All notices, requests, consents and demands hereunder will be effective when hand-delivered or forwarded by facsimile to the applicable notice address set forth above or three (3) days after being mailed by certified mail, postage prepaid, addressed as aforesaid.

          8.2    Place of Payment. All sums payable hereunder shall be paid in immediately available funds to the Lender, at its principal offices at 7855 Ivanhoe Avenue, Suite 200, in La Jolla, California or at such other place as the Lender shall notify the Borrower in writing. If any interest,' principal or other payment falls due on a date other than a Business Day, then (unless otherwise provided herein) such due date shall be extended to the next succeeding Business Day, and such extension of time will in such case be included in computing interest, if any, in connection with such payment.

          8.3    Survival of Agreements. All covenants, agreements, representations and warranties made herein shall survive the execution and the delivery of Loan Documents. All statements contained in any certificate or other instrument delivered by the Borrower hereunder shall be deemed to constitute representations and warranties by the Borrower.

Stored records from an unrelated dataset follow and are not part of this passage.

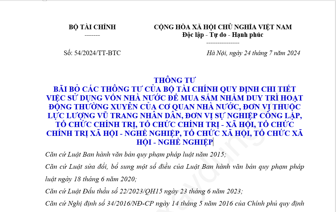 Thông tư 54/2024/TT-BTC: Bãi bỏ các quy định cũ về mua sắm công, hoạt động...
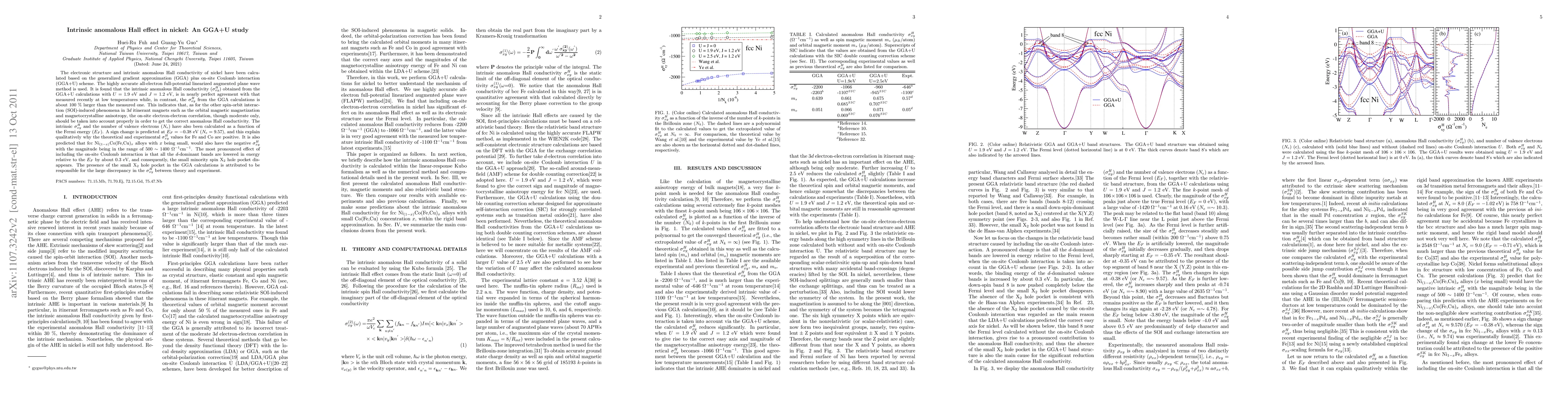 This study investigates the intrinsic anomalous Hall effect in nickel using GGA+U calculations, finding that including on-site Coulomb interaction ($U = 1.9$ eV, $J=1.2$ eV) aligns theoretical results with experimental measurements, while GGA alone significantly overestimates the anomalous Hall conductivity. The research also predicts a sign change in $\sigma_{xy}^H$ at $E_F = -0.38$ eV and suggests that small Ni-based alloys could exhibit negative $\sigma_{xy}^H$.
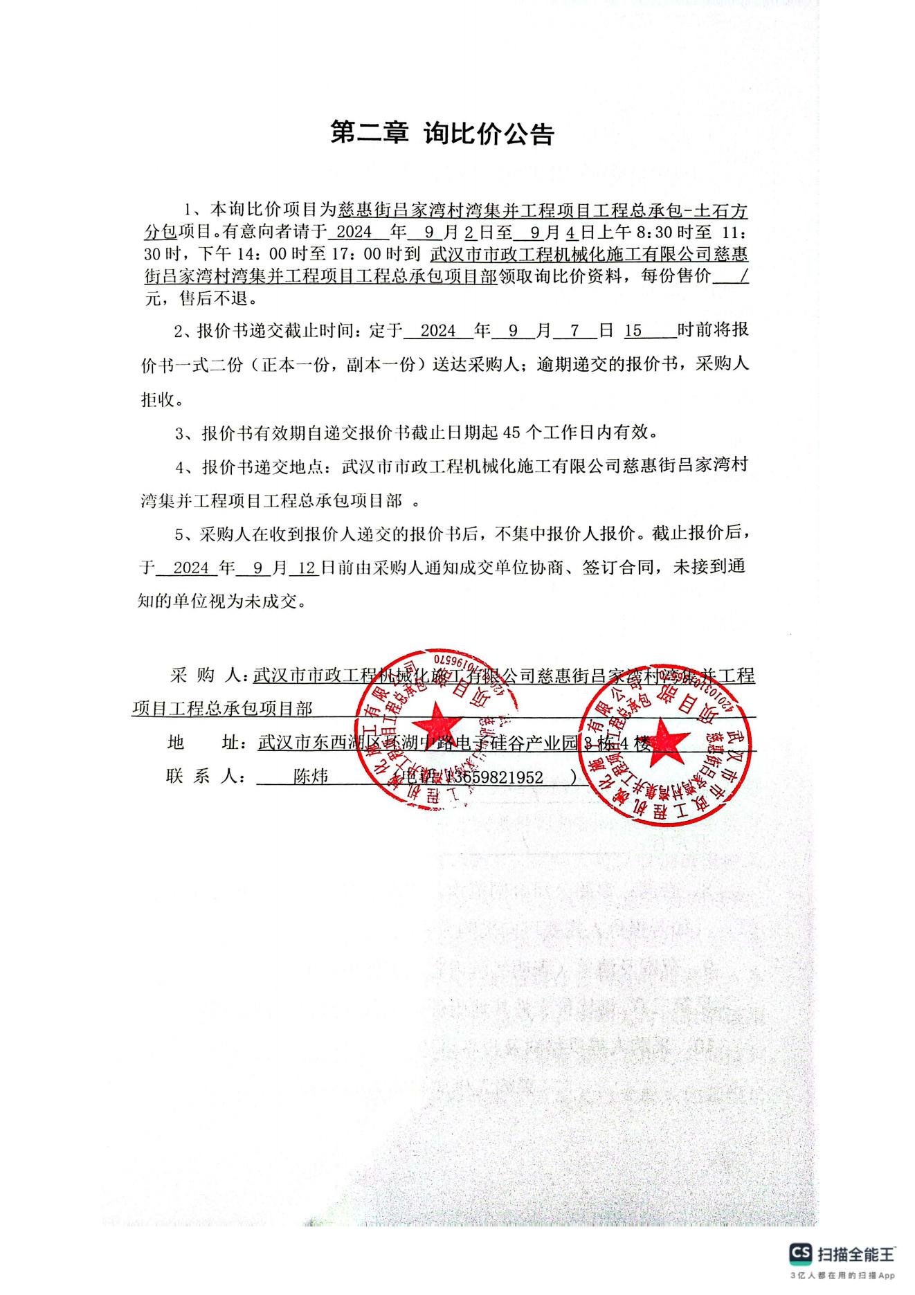 慈惠街呂家灣村灣集并工程項(xiàng)目工程總承包-土石方分包詢價(jià)公告

          8.4    Parties in Interest. All covenants, agreements and obligations contained in this Agreement shall bind and inure to the benefit of the respective successors and assigns of the parties hereto, except that the Borrower may not assign its rights or obligations hereunder without the prior written consent of the Lender.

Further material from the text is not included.